Ukuran variabel penting dalam hutan acak


40

Saya telah bermain-main dengan hutan acak untuk regresi dan saya mengalami kesulitan mencari tahu apa arti dua ukuran penting itu, dan bagaimana mereka harus ditafsirkan.

The importance()Fungsi memberikan dua nilai untuk setiap variabel: %IncMSEdan IncNodePurity. Apakah ada interpretasi sederhana untuk 2 nilai ini?

Untuk IncNodePuritykhususnya, ini hanya jumlah peningkatan RSS berikut penghapusan variabel itu?


1
Sudahkah Anda melihat ?importance? Ada penjelasan di sana tentang apa arti kedua tindakan ...
Nick Sabbe

2
@Nick Sabbe, saya punya, dan saya mencoba untuk membungkus kepala saya di sekitar mereka. Saya bertanya-tanya apakah ada interpretasi intuitif yang bagus untuk mereka.
dcl

Jawaban:


42

Yang pertama dapat 'ditafsirkan' sebagai berikut: jika prediktor penting dalam model Anda saat ini, maka menetapkan nilai-nilai lain untuk prediktor itu secara acak tetapi 'realistis' (yaitu: membubuhkan nilai-nilai prediktor ini pada dataset Anda), harus memiliki pengaruh negatif pada prediksi, yaitu: menggunakan model yang sama untuk memprediksi dari data yang sama kecuali untuk satu variabel, harus memberikan prediksi yang lebih buruk.

Jadi, Anda mengambil ukuran prediktif (MSE) dengan dataset asli dan kemudian dengan dataset 'permutasi', dan Anda membandingkannya entah bagaimana. Satu cara, terutama karena kami berharap MSE asli selalu lebih kecil, perbedaan dapat diambil. Akhirnya, untuk membuat nilai-nilai sebanding dengan variabel, ini diskalakan.

Untuk yang kedua: di setiap pemisahan, Anda dapat menghitung berapa banyak pemisahan ini mengurangi ketidakmurnian simpul (untuk pohon regresi, memang, perbedaan antara RSS sebelum dan sesudah pemisahan). Ini dijumlahkan di atas semua pembagian untuk variabel itu, di atas semua pohon.

Catatan: bacaan yang baik adalah Elemen Pembelajaran Statistik oleh Hastie, Tibshirani dan Friedman ...


3
Cheers, sebenarnya saya sudah buka buku itu sekarang :)
dcl

Apa artinya RSS?
DavideChicco.it


10

Metrik kepentingan Hutan Acak seperti yang diterapkan dalam paket randomForest di R memiliki kebiasaan di mana prediktor berkorelasi mendapatkan nilai kepentingan rendah.

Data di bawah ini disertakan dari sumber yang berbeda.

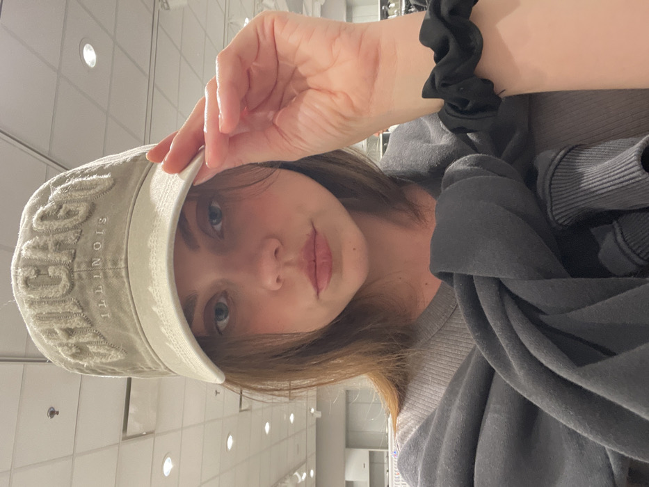 A young adult female is depicted from the chest up, centrally positioned, looking directly at the viewer. She has light brown hair, blue eyes, and wears light pink lipstick. She is wearing a grey ribbed t-shirt, and a dark grey or black sweatshirt is draped around her shoulders. Her right hand is visible, fingers lightly touching the brim of a beige baseball cap worn on her head. The cap features raised, textured lettering that spells "CHICAGO" with "ILLINOIS" embroidered underneath. A black scrunchie is visible on her left wrist. The background shows a blurred modern interior space with multiple recessed circular light fixtures on a white ceiling and indistinct shelving or clothing racks, indicative of a retail store setting. This environment is not consistent with the city of Pompeii, Italy.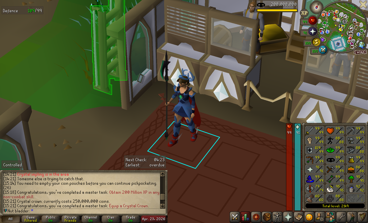 good morning still working on glogging easy clues and 99 thieving
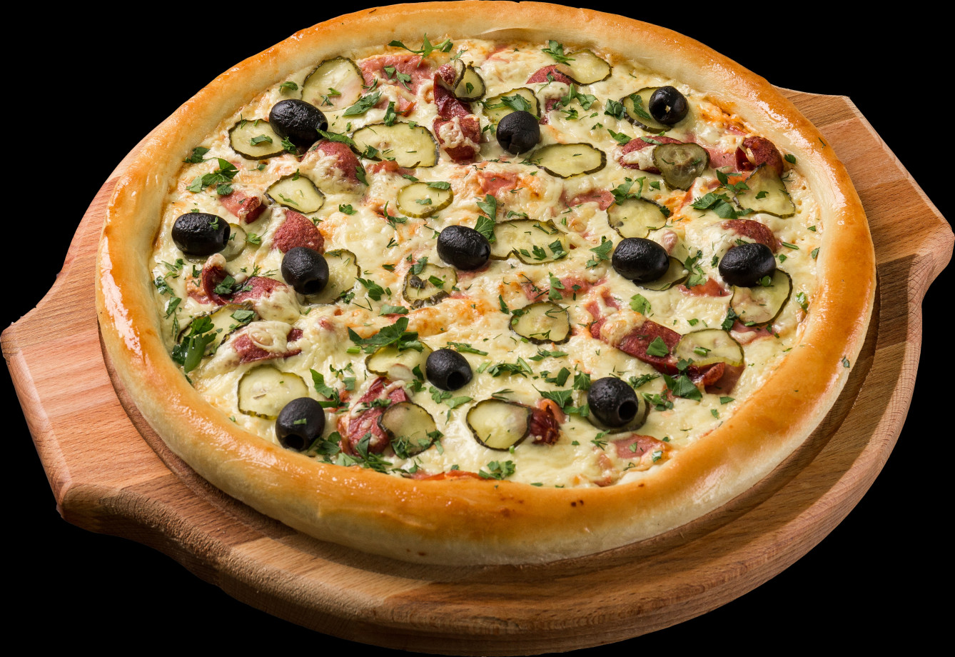 Фирменный соус, ветчина, колбаски охотничьи, маринованные огурцы, сыр гауда, оливки, зелень.

http://bioinformatics.oxfordjournals.org/content/early/2010/04/12/12/bioinformatics.btq134.full.pdf

Saya memiliki implementasi modifikasi dari hutan acak di CRAN yang mengimplementasikan pendekatan mereka dalam memperkirakan nilai p empiris dan tingkat penemuan palsu, di sini

http://cran.r-project.org/web/packages/pRF/index.html


1
apakah ini menjelaskan perbedaan keluaran dari variabel penting jika Anda menggunakan randomForest dengan paket caret seperti caret::train(method="rf", importance = TRUE, ...)??
Agile Bean
Dengan menggunakan situs kami, Anda mengakui telah membaca dan memahami Kebijakan Cookie dan Kebijakan Privasi kami.
Licensed under cc by-sa 3.0 with attribution required.